The below cells perform categorical classification

In [None]:
if type_svm == 'binary':
    # Perform the support vector classification
    from nilearn.input_data import NiftiMasker
    from sklearn.svm import SVC
    from sklearn.feature_selection import f_classif, SelectPercentile
    from sklearn.pipeline import Pipeline

    # Set up the support vector classifier
    svc = SVC(kernel='linear')
    masker = NiftiMasker(mask_img=gm_mask,standardize=True, 
                         memory='nilearn_cache', memory_level=1)
    
    # Select the features contributing to the model
    feature_selection = SelectPercentile(f_classif, percentile=5) #0.05/228453 voxels
    fs_svc = Pipeline([('feat_select', feature_selection), ('svc', svc)])

    # Run the classifier
    X = masker.fit_transform(bold_feature_data)
    X = X[mask]
    maskedlabels=labels[mask]
    fs_svc.fit(X, maskedlabels)
    
    # Obtain prediction values via cross validation
    from sklearn.model_selection import cross_validate, LeaveOneGroupOut, cross_val_predict

    loso = LeaveOneGroupOut()
    cv_scores = cross_validate(fs_svc, X, y=maskedlabels, n_jobs=10, return_train_score=True,
                               groups=conditions['subject'][mask], cv=loso, scoring='accuracy')
    y_pred = cross_val_predict(fs_svc, X, y=maskedlabels, n_jobs=10,
                               groups=conditions['subject'][mask], cv=loso)
    
    ## Save the SVM weights to a nifti
    coef = svc.coef_
    coef = feature_selection.inverse_transform(coef)
    weight_img = masker.inverse_transform(coef)
    weight_img.to_filename(output_dir + '/svmweights_'+ analysis +'.nii.gz')
    
    ## Calculate performance metrics
    from sklearn.metrics import recall_score, precision_score
    
    classification_accuracy = cv_scores['test_score'].mean()
    chance = 1. / len(labels.unique())
    print("Classification accuracy: %.4f / Chance level: %f" % 
          (classification_accuracy, chance))
    
    for label in maskedlabels.unique():
        sensitivity = recall_score(maskedlabels,y_pred,labels=[label],average='weighted')
        precision = precision_score(maskedlabels,y_pred,labels=[label],average='weighted')
        
        results_file.write("%s: classification accuracy: %.4f \n chance level: %f \n sensitivity: %f \n precision: %f \n" % 
        (label, classification_accuracy, chance, sensitivity, precision))
    
    # compute and display a confusion matrix
    from sklearn.metrics import confusion_matrix
    from numpy import set_printoptions
    import itertools
    import matplotlib.pyplot as plt

    cnf_matrix = confusion_matrix(maskedlabels, y_pred)
    set_printoptions(precision=2)
    classes = maskedlabels.unique()

    def plot_confusion_matrix(cm, classes):
        from numpy import arange
        plt.imshow(cm, interpolation='nearest', cmap=plt.cm.Blues)
        plt.title('Confusion matrix')
        plt.colorbar()
        tick_marks = arange(len(classes))
        plt.xticks(tick_marks, classes, rotation=45, size=16)
        plt.yticks(tick_marks, classes, size=16)

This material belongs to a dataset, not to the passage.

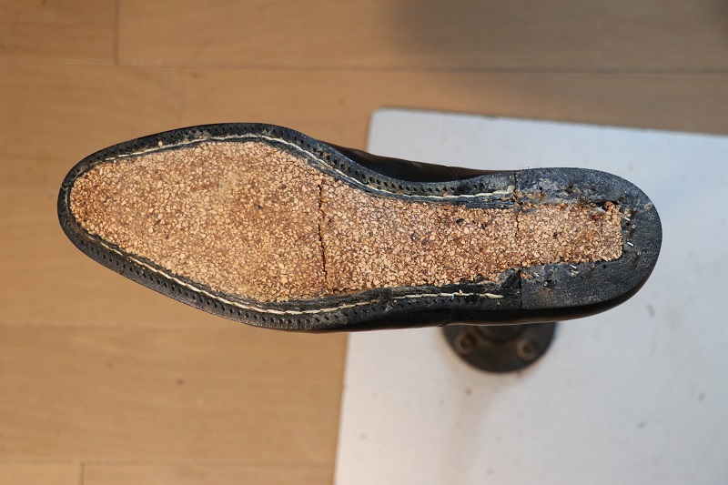 この時にコルクなどの中物が一緒にはがれてしまうことが多いのですが、この靴の場合そのようなことはありませんでした。

        thresh = cm.max() / 2.
        for i, j in itertools.product(range(cm.shape[0]), range(cm.shape[1])):
            plt.text(j, i, format(cm[i, j],  'd'),
                     horizontalalignment='center',
                     color='white' if cm[i, j] > thresh else 'black', size=16)

        plt.tight_layout()
        plt.ylabel('True label', size=16)
        plt.xlabel('Predicted label', size=16)

    plot_confusion_matrix(cnf_matrix, classes)
    plt.savefig(output_dir + '/confusion_matrix_' + analysis + '.svg', transparent=True)
    plt.close()
    
    results_file.close()

### Perform permutation testing to get a p-value for the classifier

In [None]:
'''
N.B.: in order to use the below function (permutation_test_score) for this particular analysis, 
I added the following code to the _shuffle function (starts on line 966 of sklearn/model_selection/_validation.py) code:

     elif permute_groups==True:
        indices = np.arange(len(groups))
        indices = random_state.permutation(indices)

and I added an argument to the permutation_test_score function (permute_groups=True) that is passed to the _shuffle function. 
This enables groups to be used for cross validation, but ignores groups for permutation. This is useful if you have multiple
features per subject with the same label and you are using grouping to denote a whole subject for LOSO cross validation.
'''

In [None]:
from sklearn.model_selection import permutation_test_score
import matplotlib.pyplot as plt
from numpy import savetxt

results_file = open(output_dir + '/permut_results_' + analysis + '_final.txt','w')

if type_svm == 'binary':
    # Perform permutation testing to get a p-value
    score, permutation_scores, pvalue = permutation_test_score(fs_svc, X, maskedlabels, scoring='accuracy', 
                                                               cv=loso, n_permutations=500, n_jobs=10, 
                                                               groups=conditions['subject'][mask], permute_groups=True)
    savetxt(output_dir + '/permutation_scores_' + analysis + '.txt', permutation_scores)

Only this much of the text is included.